The unpleasant reality is that petroleum prices are cyclical. Starting with the 1973-74 Arab oil embargo, they have been through six extremes. Because the peaks and the valleys both wreak financial havoc, producers and politicians imagine a Goldilocks ideal, with prices “just right”—not so high that legislators feel pressure to claw back “windfall profits,” and not so low that suppliers fall like dominoes, destroying jobs and tax revenue.
The latter is what we’re seeing now, with oil falling below $30 a barrel. Survey the damage so far: More than 100,000 jobs are gone, most of them last year. The number of shale rigs in service has collapsed by 60%. Banks are worried about their oil loans. Shale states are readjusting budgets for shortfalls. About $200 billion of oil and gas assets are up for sale world-wide.

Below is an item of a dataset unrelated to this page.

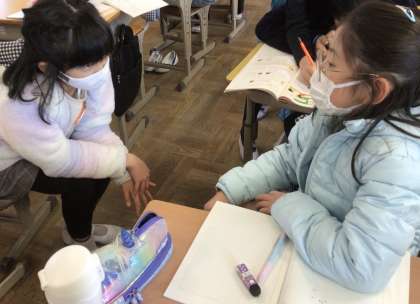 今日は、帯分数の学習を行いました。仮分数を帯分数に直す仕方を考えて、隣の席の友達と話し合いました。

American shale oil companies—whose booming production is a principal cause of the global glut—have been hit hard. Last year two dozen defaulted and 15 filed for bankruptcy. Standard & Poor’s puts junk ratings on three-fourths of the oil and gas producers it monitors.
Here’s the big question, the one that makes this cycle different: What happens to shale oil? The jobs and revenues from America’s newest industry literally kept the country out of recession during the years of tepid growth that have characterized the current administration.